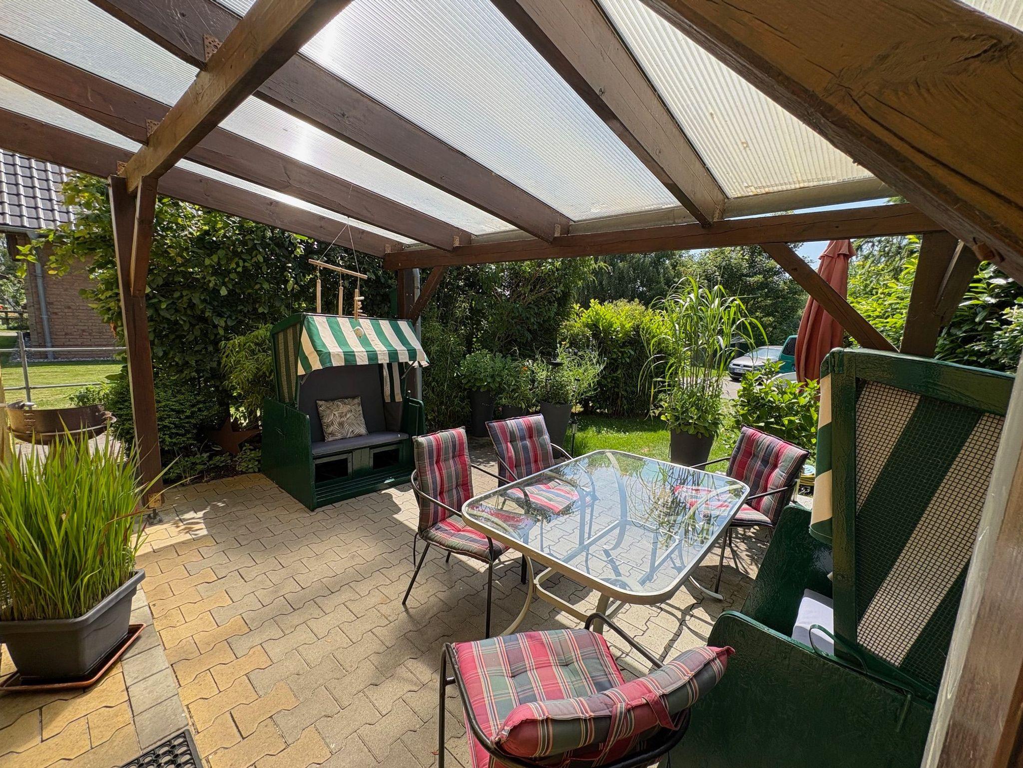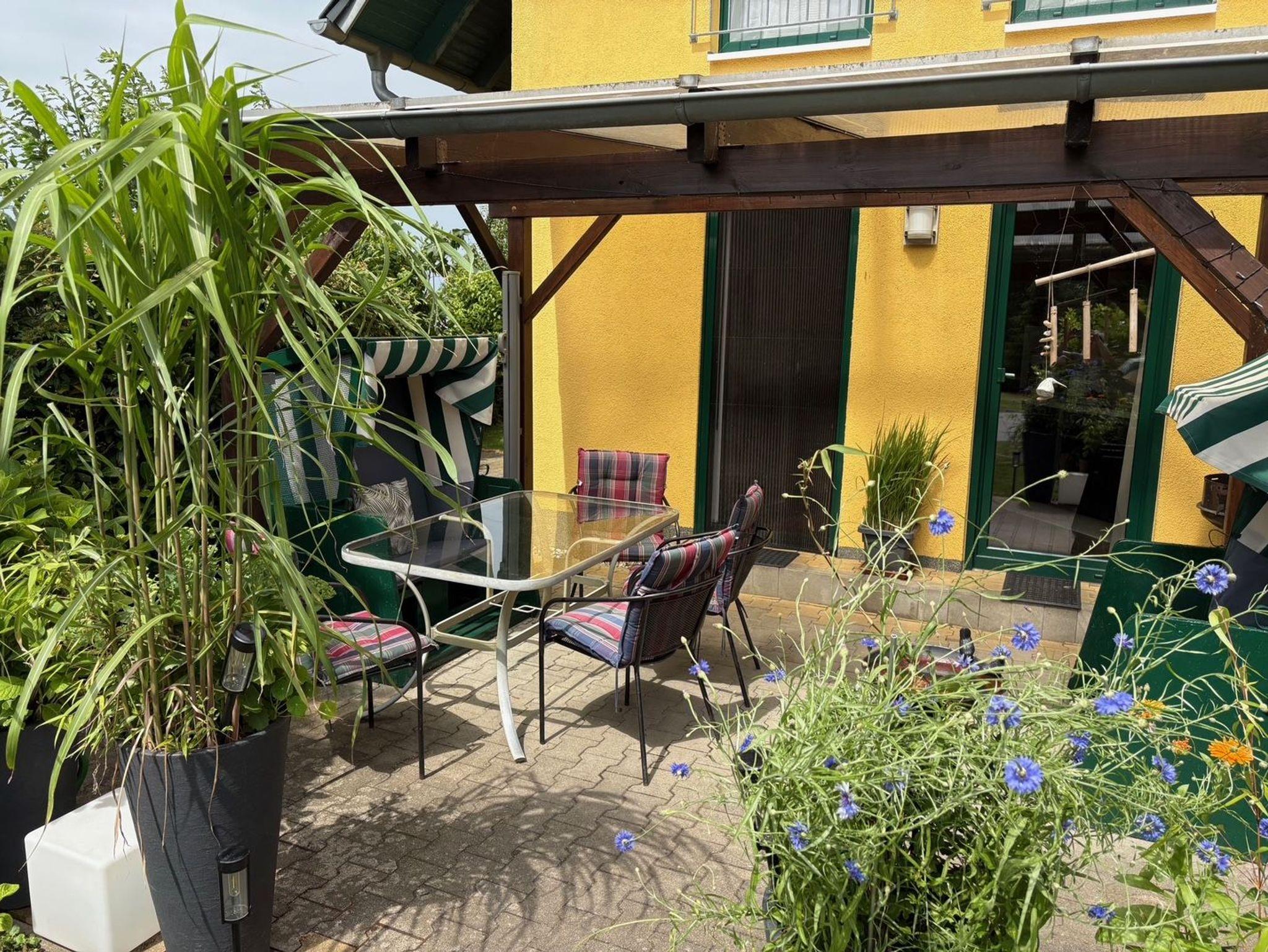 In unserer Außenanlage finden Sie eine überdachte Terrasse mit diversen Sitzmöglichkeiten, Sonnenliegen und Strandkörben.
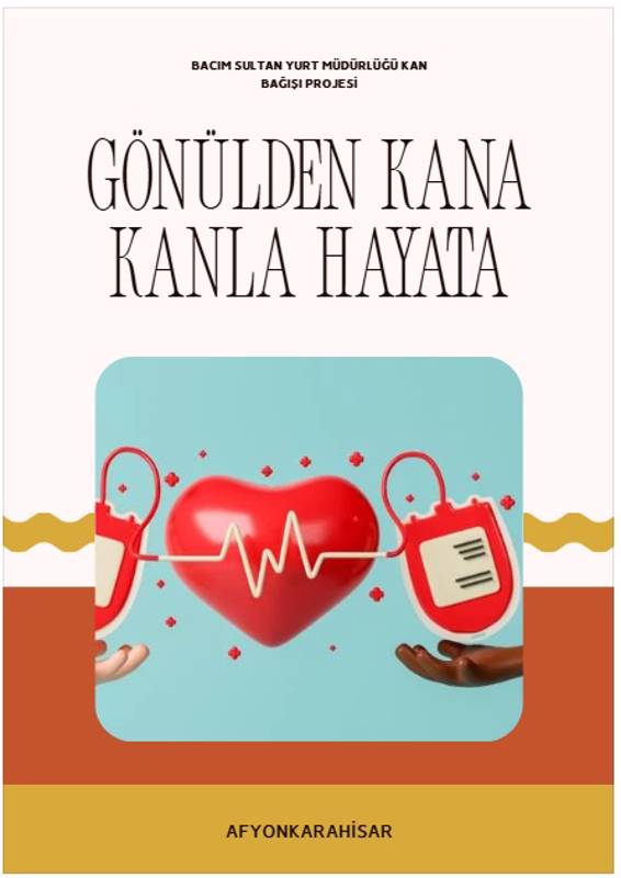 Bu proje, gençler arasında kan bağışının önemi dikkat çekmek, gönüllülük farkındalığını artırmak ve toplumsal dayanışmayı güçlendirmek amacıyla hazırlanmıştır. “Gönülden Kana, Kanla Hayata” ifadesi, bir damla kanın bile gönülden gelerek bir hayatı kurtarabileceği vurgular. Kan bağışı yalnızca tıbbi bir yardım değil, aynı zamanda bir iyilik hareketidir. Çünkü bir damla kan, bir gönülden aktığında, bir hayata umut olur. Gönüllüler, kan bağışının önemi hakkında bilgilendirici broşürler tasarlayabilir, dağıtımında ve stantlarda öğrencilere rehberlikte görev alabilirler. Sosyal medya ve yurt panolarında afiş, duyuru ve kısa bilgilendirmeler paylaşarak kampanyanın duyulmasına katkı sağlarlar. Bu pojede ki amaç gönüllüler,iletişim becerileri geliştirirken toplumda farkındalık oluşturarak iyilik hareketi yayılmasına destek olmalarıdır. Afyon Kocatepe Unıversitesi ve Afyonkarahisar Sağlık Bilimleri Unıversitesi ön lisans, lisans, yüksek lisans ve doktora öğrencileri, Farklı şehirlerdeki 18 yaş üstü kan bağışı yapabilecek sağlık şartlarına uygun tüm bireyler Kan bağışı günleride Kızılay ekipleri yönlendirmesiyle kayıt, sıra düzen ve bilgilendirme alanlarında destek sağlar. Alanının düzenlenmesi, katılımın planlanması ve katılımcı yönlendirmelerinde görev alır.
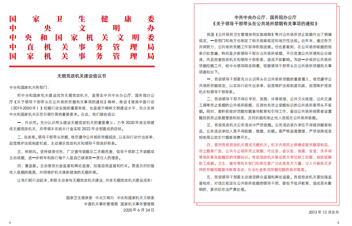 无烟党政机关倡议书

DIRECTIONS FOR THIS TASK
Exact repetition of the data is needed, with no images retained.

SOLUTION
 In unserer Außenanlage finden Sie eine überdachte Terrasse mit diversen Sitzmöglichkeiten, Sonnenliegen und Strandkörben.
 Bu proje, gençler arasında kan bağışının önemi dikkat çekmek, gönüllülük farkındalığını artırmak ve toplumsal dayanışmayı güçlendirmek amacıyla hazırlanmıştır. “Gönülden Kana, Kanla Hayata” ifadesi, bir damla kanın bile gönülden gelerek bir hayatı kurtarabileceği vurgular. Kan bağışı yalnızca tıbbi bir yardım değil, aynı zamanda bir iyilik hareketidir. Çünkü bir damla kan, bir gönülden aktığında, bir hayata umut olur. Gönüllüler, kan bağışının önemi hakkında bilgilendirici broşürler tasarlayabilir, dağıtımında ve stantlarda öğrencilere rehberlikte görev alabilirler. Sosyal medya ve yurt panolarında afiş, duyuru ve kısa bilgilendirmeler paylaşarak kampanyanın duyulmasına katkı sağlarlar. Bu pojede ki amaç gönüllüler,iletişim becerileri geliştirirken toplumda farkındalık oluşturarak iyilik hareketi yayılmasına destek olmalarıdır. Afyon Kocatepe Unıversitesi ve Afyonkarahisar Sağlık Bilimleri Unıversitesi ön lisans, lisans, yüksek lisans ve doktora öğrencileri, Farklı şehirlerdeki 18 yaş üstü kan bağışı yapabilecek sağlık şartlarına uygun tüm bireyler Kan bağışı günleride Kızılay ekipleri yönlendirmesiyle kayıt, sıra düzen ve bilgilendirme alanlarında destek sağlar. Alanının düzenlenmesi, katılımın planlanması ve katılımcı yönlendirmelerinde görev alır.
 无烟党政机关倡议书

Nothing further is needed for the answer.